It’ll consist of two parts:
- A public site that lets people view polls and vote in them.
- An admin site that lets you add, change and delete polls.
We’ll assume you have Django installed already. You can tell Django
is installed and which version by running the following command:
python -c "import django; print(django.get_version())"
If Django is installed, you should see the version of your installation. If it isn’t, you’ll get an error telling “No module named django”.
This tutorial is written for Django 1.6 and Python 2.x. If the Django version doesn’t match, you can refer to the tutorial for your version of Django by using the version switcher at the bottom right corner of this page, or update Django to the newest version.

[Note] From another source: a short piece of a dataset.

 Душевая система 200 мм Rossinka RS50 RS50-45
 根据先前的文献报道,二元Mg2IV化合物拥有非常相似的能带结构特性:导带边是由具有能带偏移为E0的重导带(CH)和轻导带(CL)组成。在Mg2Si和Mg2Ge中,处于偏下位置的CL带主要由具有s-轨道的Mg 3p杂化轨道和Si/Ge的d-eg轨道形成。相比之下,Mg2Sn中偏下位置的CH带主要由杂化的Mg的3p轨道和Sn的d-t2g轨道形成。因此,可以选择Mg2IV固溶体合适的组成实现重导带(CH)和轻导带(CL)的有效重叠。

If you are using Python 3.x, be aware that your code may need to differ from what is in the tutorial and you should continue using the tutorial only if you know what you are doing with Python 3.x.
See How to install Django for advice on how to remove older versions
of Django and install a newer one.
Where to get help:
If you’re having trouble going through this tutorial, please post a message to django-users or
drop by #django on irc.freenode.net to chat with other Django users who might be able to help.
Creating a project
If this is your first time using Django, you’ll have to take care of some initial setup. Namely, you’ll need to auto-generate some code that establishes a Django project –
a collection of settings for an instance of Django, including database configuration, Django-specific options and application-specific settings.

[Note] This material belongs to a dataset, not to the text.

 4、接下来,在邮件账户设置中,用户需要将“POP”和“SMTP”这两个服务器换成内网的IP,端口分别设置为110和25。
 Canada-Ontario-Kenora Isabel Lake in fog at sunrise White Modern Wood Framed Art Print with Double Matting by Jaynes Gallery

From the command line, cd into a directory where you’d like to store your code, then run the
following command:
django-admin.py startproject mysite
This will create a mysite directory in your current directory. If it didn’t work, see Problems
running django-admin.py.
Note
You’ll need to avoid naming projects after built-in Python or Django components. In particular, this means you should avoid using names like django (which
will conflict with Django itself) or test (which conflicts with a built-in Python package).
Where should this code live?
If your background is in plain old PHP (with no use of modern frameworks), you’re probably used to putting code under the Web server’s document root (in a place such as /var/www).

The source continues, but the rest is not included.